=== RECORDED INFORMATION ===
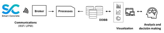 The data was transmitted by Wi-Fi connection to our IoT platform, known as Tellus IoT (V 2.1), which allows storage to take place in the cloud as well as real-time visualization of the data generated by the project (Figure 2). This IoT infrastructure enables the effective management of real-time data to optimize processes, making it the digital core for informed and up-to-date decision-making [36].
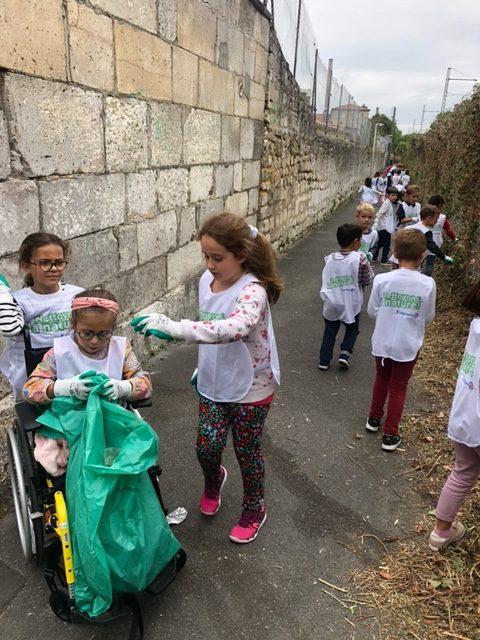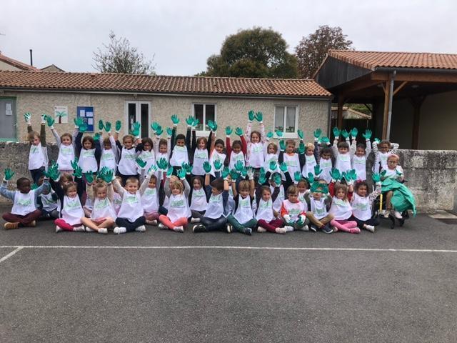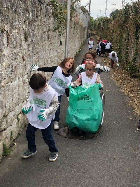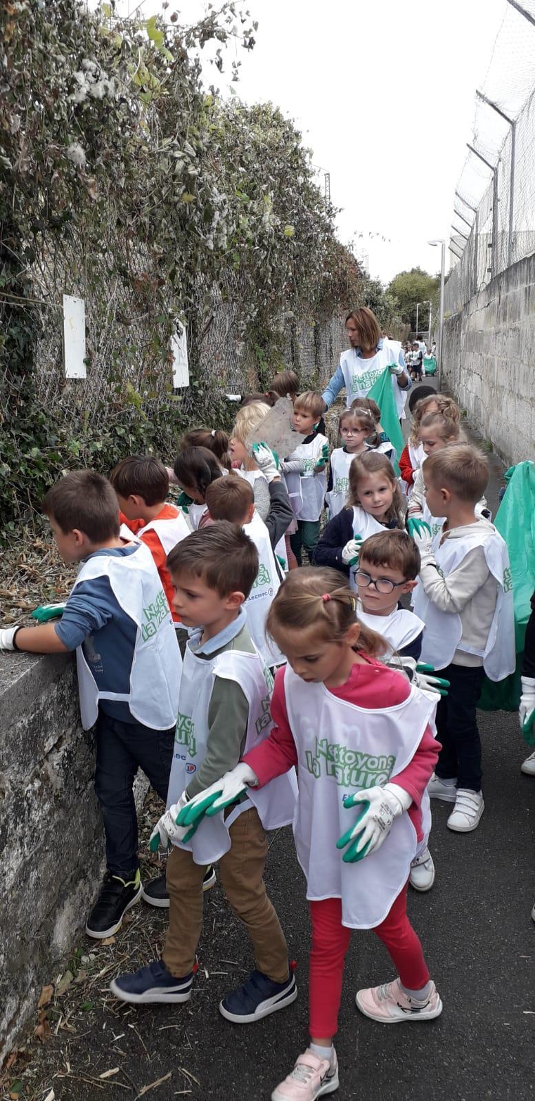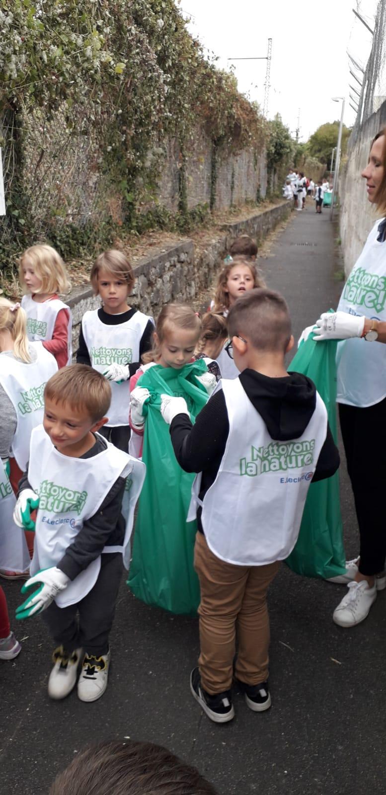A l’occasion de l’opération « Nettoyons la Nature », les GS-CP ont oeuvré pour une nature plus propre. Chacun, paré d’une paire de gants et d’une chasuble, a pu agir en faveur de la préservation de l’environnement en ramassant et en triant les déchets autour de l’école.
...
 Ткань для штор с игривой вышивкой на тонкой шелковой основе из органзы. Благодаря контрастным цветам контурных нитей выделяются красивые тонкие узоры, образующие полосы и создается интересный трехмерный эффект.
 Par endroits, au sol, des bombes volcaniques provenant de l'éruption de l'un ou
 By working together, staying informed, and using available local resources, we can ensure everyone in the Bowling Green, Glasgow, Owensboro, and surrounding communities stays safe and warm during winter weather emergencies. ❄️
...
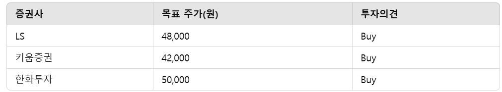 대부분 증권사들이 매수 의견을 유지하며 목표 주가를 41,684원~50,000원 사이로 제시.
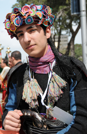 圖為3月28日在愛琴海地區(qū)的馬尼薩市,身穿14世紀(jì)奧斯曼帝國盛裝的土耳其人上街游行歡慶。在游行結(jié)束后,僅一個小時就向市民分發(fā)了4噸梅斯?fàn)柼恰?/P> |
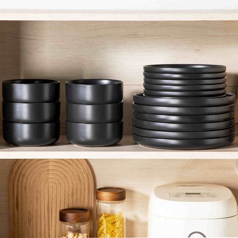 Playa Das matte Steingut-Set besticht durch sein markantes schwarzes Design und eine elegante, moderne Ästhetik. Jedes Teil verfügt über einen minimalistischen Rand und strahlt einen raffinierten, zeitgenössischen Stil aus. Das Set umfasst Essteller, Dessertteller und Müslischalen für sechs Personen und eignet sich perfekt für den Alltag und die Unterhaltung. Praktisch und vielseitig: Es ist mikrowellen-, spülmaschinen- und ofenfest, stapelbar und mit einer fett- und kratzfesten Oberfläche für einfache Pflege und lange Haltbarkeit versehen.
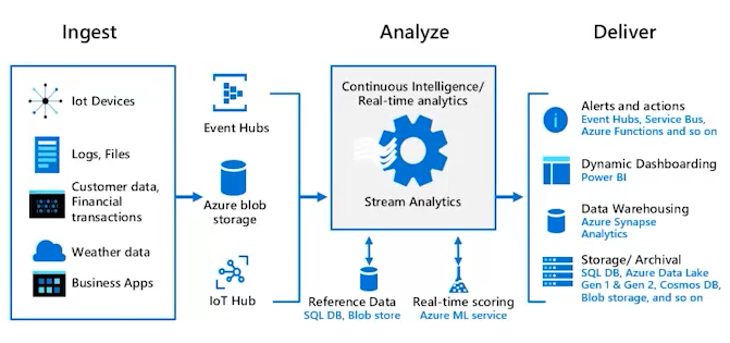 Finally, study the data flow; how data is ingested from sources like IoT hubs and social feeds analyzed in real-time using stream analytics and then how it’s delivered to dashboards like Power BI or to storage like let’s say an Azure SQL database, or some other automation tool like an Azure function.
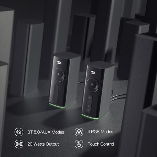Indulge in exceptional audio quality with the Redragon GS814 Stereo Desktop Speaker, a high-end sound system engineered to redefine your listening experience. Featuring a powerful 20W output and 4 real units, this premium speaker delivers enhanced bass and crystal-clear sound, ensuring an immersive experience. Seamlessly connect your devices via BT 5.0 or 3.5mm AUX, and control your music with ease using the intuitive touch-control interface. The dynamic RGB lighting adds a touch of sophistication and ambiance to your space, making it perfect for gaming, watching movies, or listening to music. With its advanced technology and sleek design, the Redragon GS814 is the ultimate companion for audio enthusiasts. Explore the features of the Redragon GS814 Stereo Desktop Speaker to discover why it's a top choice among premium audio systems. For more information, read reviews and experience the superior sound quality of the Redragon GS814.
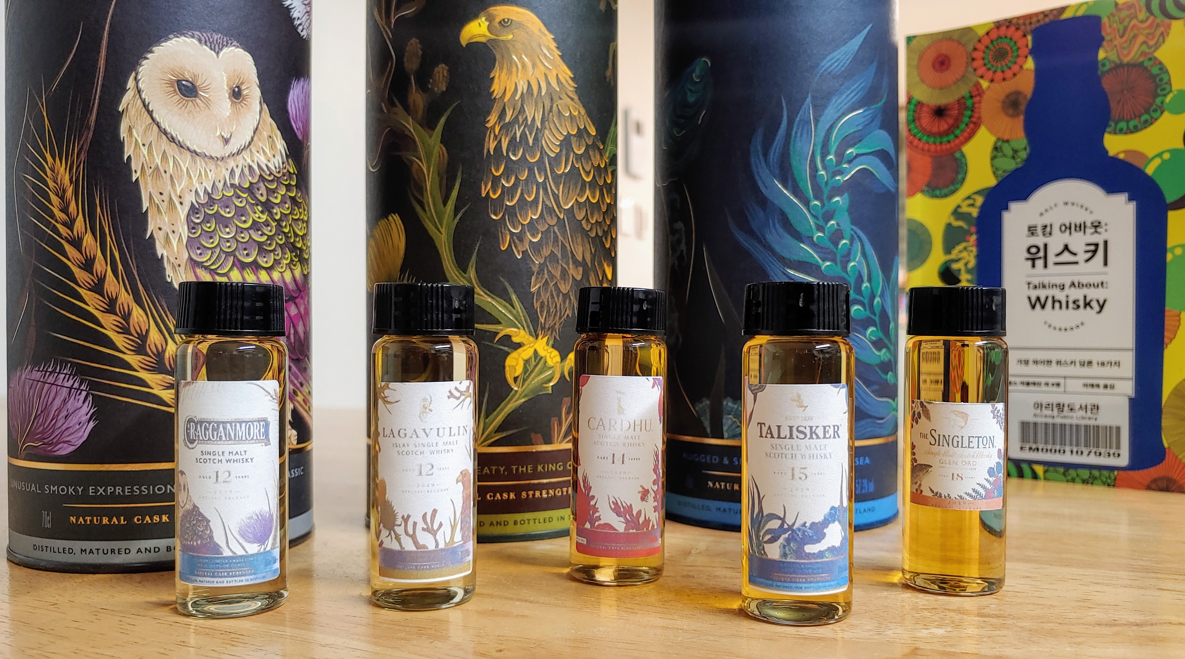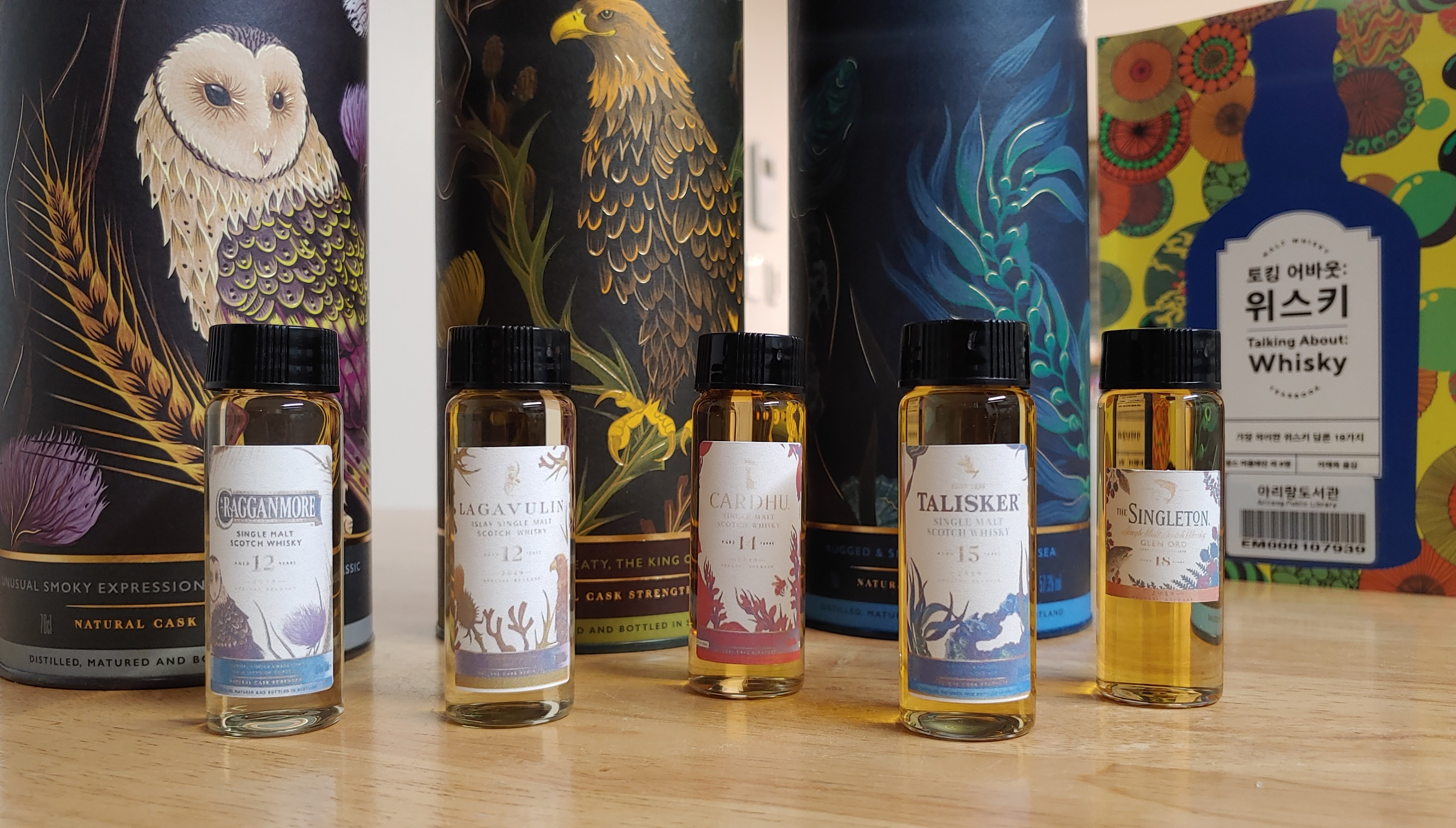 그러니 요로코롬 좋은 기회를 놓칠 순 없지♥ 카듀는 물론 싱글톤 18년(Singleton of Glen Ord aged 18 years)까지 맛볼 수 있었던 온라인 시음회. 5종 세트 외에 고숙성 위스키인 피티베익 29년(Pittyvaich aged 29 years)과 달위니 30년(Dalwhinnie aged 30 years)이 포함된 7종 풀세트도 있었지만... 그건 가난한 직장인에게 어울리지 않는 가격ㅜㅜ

=== WHAT THE TASK ASKS ===
Find the line with "The data was" in the entries above. Set down exactly every line from it up to and including the line with "A l’occasion de", images excluded.

=== FINISHED TASK ===
 The data was transmitted by Wi-Fi connection to our IoT platform, known as Tellus IoT (V 2.1), which allows storage to take place in the cloud as well as real-time visualization of the data generated by the project (Figure 2). This IoT infrastructure enables the effective management of real-time data to optimize processes, making it the digital core for informed and up-to-date decision-making [36].
A l’occasion de l’opération « Nettoyons la Nature », les GS-CP ont oeuvré pour une nature plus propre. Chacun, paré d’une paire de gants et d’une chasuble, a pu agir en faveur de la préservation de l’environnement en ramassant et en triant les déchets autour de l’école.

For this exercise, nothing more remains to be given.